C’est un été comme les autres. Vacances sur la Costa Brava chez une grand-mère dont les histoires moult fois rabâchées ne fonctionnent plus qu’avec la petite sœur, alors que Nora, du haut de ses 15 ans, se sent envahie par un mortel ennui, une étrange torpeur. Il n’y a plus qu’à prendre son mal en patience dans la prison dorée de cet univers bien protégé, rythmé par le tic tac du coucou trop vieux qui a fini par se détraquer. La vie progressivement semble rétrécir malgré les paysages de rêve, les conditions d’une classe sociale aisée qui a accès à toutes les distractions possibles. Les vacances, c’est l’impossibilité d’échapper à la présence permanente de la famille, l’impossibilité de respirer quelques bouffées de liberté avec les copines, de se raconter de vive voix les premiers baisers avec ou sans la langue, « mais comment tu fais avec ton appareil dentaire ? ». Toutes ces préoccupations qui passionnent plus les adolescentes que les virées en bateau avec ceux dont on aimerait s’émanciper.
À tout cela se superposent les angoisses et la jalousie de la mère de Nora, notamment envers son mari qui ne les rejoint pas mais surtout devant la place prise par Rosana, la bonne colombienne immigrée pour se faire une vie meilleure, qui seule semble avoir le pouvoir de rassurer l’aïeule.
Cela se dit dans l’intimité d’un craquage, mais pas officiellement et surtout pas devant les amis envers lesquels on affiche la haute bienveillance obligée de la classe supérieure. Ce malaise larvé se camoufle donc lorsqu’il s’agit de prendre la décision magnanime d’accepter que Rosana puisse accueillir sa fille du même âge que Nora et qui n’a plus nulle part où aller. Elle porte un des plus jolis prénoms du monde : Libertad. « Liberté », celle dont rêve justement Nora.
Libertad n’est d’abord qu’une ombre fugace et boudeuse que l’on aperçoit dans l’embrasure d’une porte. La jeune fille deviendra vite pour Nora un sujet d’attention et d’attraction, qui découvrira ainsi les conflits qu’elle a avec sa propre mère dont l’état servile la révolte sans doute, sans qu’elle sache l’exprimer clairement. En chiennes de faïence, les deux s’observent selon l’adage « chacune à sa place et les moutons seront bien gardés ». Le premier pas, c’est la petite bourgeoise qui le fera. D’abord un peu timidement face à cette fille du même âge mais qui a l’air tellement plus grande, tellement moins timorée et plus mature d’avoir déjà vécu.
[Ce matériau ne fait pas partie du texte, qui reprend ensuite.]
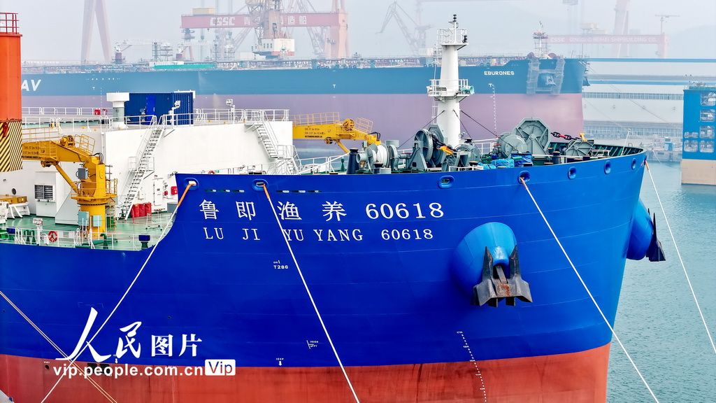 11月15日,由青岛国信集团投资建设的15万吨级智慧渔业养殖工船“国信1号2-2”在中国船舶集团青岛北海造船有限公司正式交付运营,命名为“鲁即渔养60618”。本次交付的养殖工船在投饲、取水等核心系统实现升级,将开展鲑鳟鱼工船全年连续养殖试验,构建从育苗到营销的全产业链模式。张进刚摄(人民图片网)
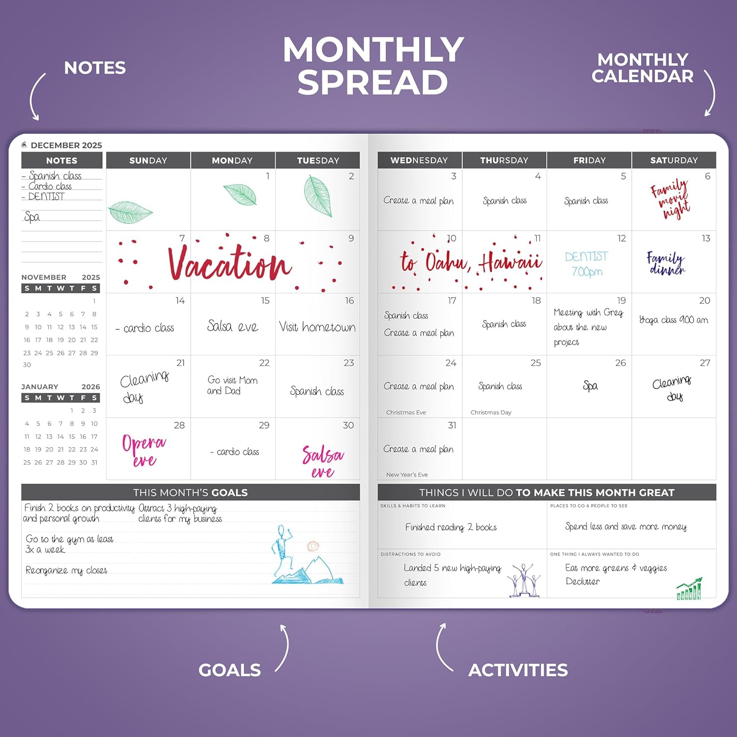 - CREATE A VISION FOR YOUR FUTURE, SET GOALS & START PLANNING – This goal-setting planner 2025 will help you create a vision for your life, define your global goals, and incorporate them into your agenda.
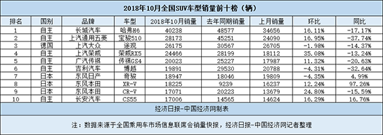 2018年SUV市場(chǎng)的快速冷卻,主要來自于自主品牌的滑落,而至年底,自主品牌也開始拼力自救。10月,自主SUV表現(xiàn)持續(xù)回暖,并共有六款車型入榜SUV銷量前十,但相比去年,表現(xiàn)仍不盡如人意。其中,哈弗H6再現(xiàn)“王者之風(fēng)”,其10月銷量突破4萬輛,再上一個(gè)臺(tái)階;接下來,榮威RX5表現(xiàn)非常突出,是榜單中環(huán)比增速最快的車型,排名也上升至歷史新高;此外,在沉淪多月后,長安旗下終于再次有車入榜。
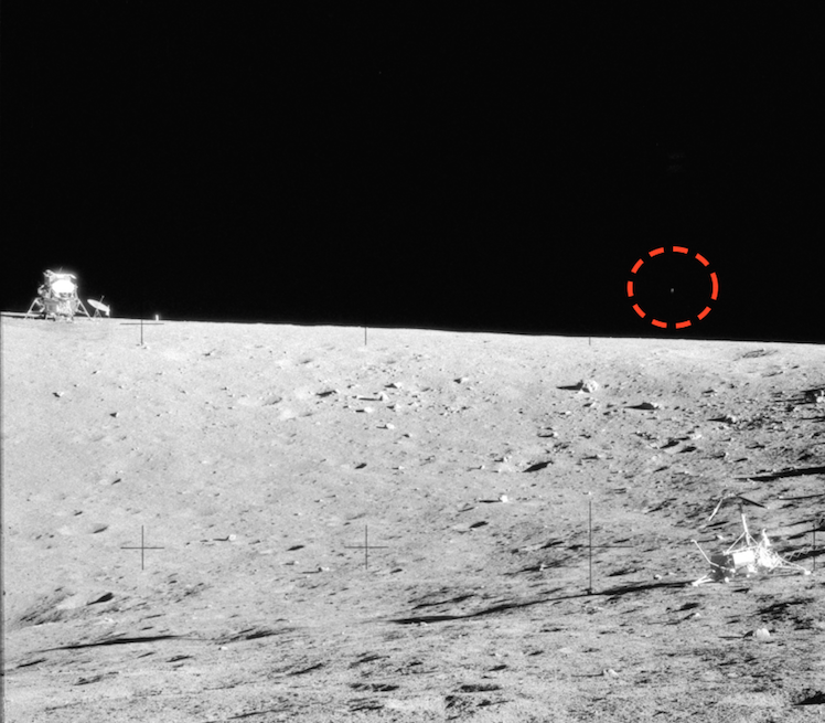 Далее фотография с "Аполлона-12", на которой также виден светящийся объект на черном небе.
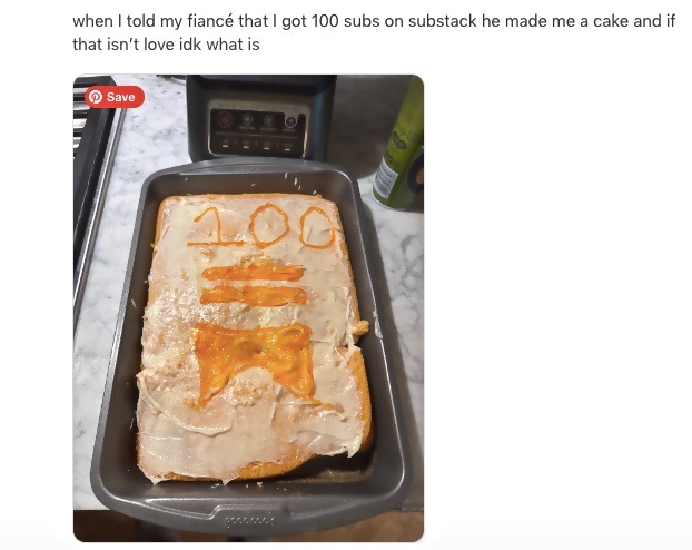 Isn’t that the sweetest gesture? I love the idea that the writer’s fiancé noticed how much reaching the milestone of 100 subscribers meant to her, and how he celebrated it with such a personal gift.
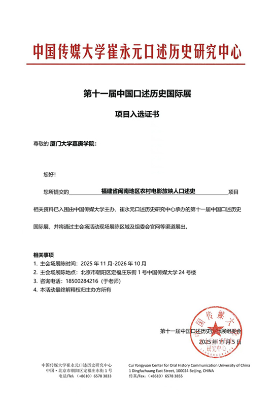 在京期間,廈門大學嘉庚學院師生團隊全程參與了中國口述歷史國際展的活動,通過觀摩來自不同國家和地區、涵蓋多元主題的優秀口述歷史項目,團隊成員深度理解口述歷史方法論在記錄歷史、保存記憶方面的巨大潛力與前沿發展。此外,師生團隊還前往中國電影博物館調研、采訪,館內關于“流動放映隊”的歷史展陳,加深了同學們對閩南農村放映人這段歷史的理解,也讓他們更加充分地認識到自身工作在國家電影文化宏大敘事中的定位與價值——即從微觀個體視角,補全與豐富中國電影歷史的脈絡。
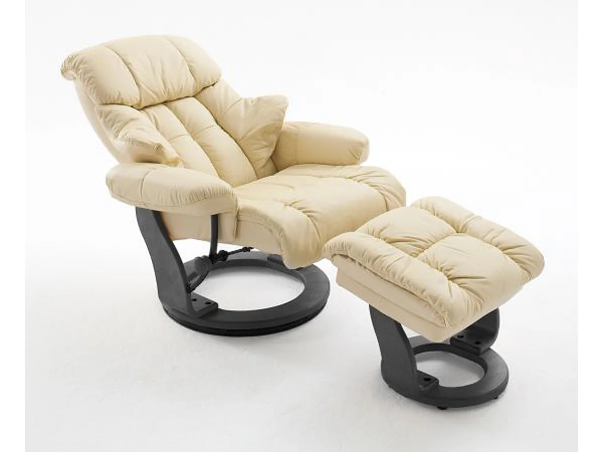 Fauteuil relax en cuir crème et noir avec tabouret - 90 x 104 x 91 cm

Progressivement Libertad la poussera à ne plus écouter ses peurs, à oser être. Regarder les garçons, les aborder, laisser parler une sensualité en train de devenir trop grande pour la contraindre dans un sage maillot une pièce de petite fille. Avec le goût de la révolte grandira une indéfectible amitié qui nourrira l’envie de briser l’ordre hiérarchique du monde, le plafond de verre invisible séparant les classes sociales.
La réalisatrice s’est inspirée de son propre passage à l’âge adulte dans un milieu privilégié. Elle en restitue l’ambiance avec une précision tranchante, jamais acerbe. Une fiction empreinte d’une analyse sociologique fine où se mêlent aux images d’Épinal celle d’une réalité plus populeuse et anguleuse. Les deux jeunes actrices incarnent les rôles principaux avec une fraîcheur sublime. Deux étoiles naissantes, à n’en pas douter.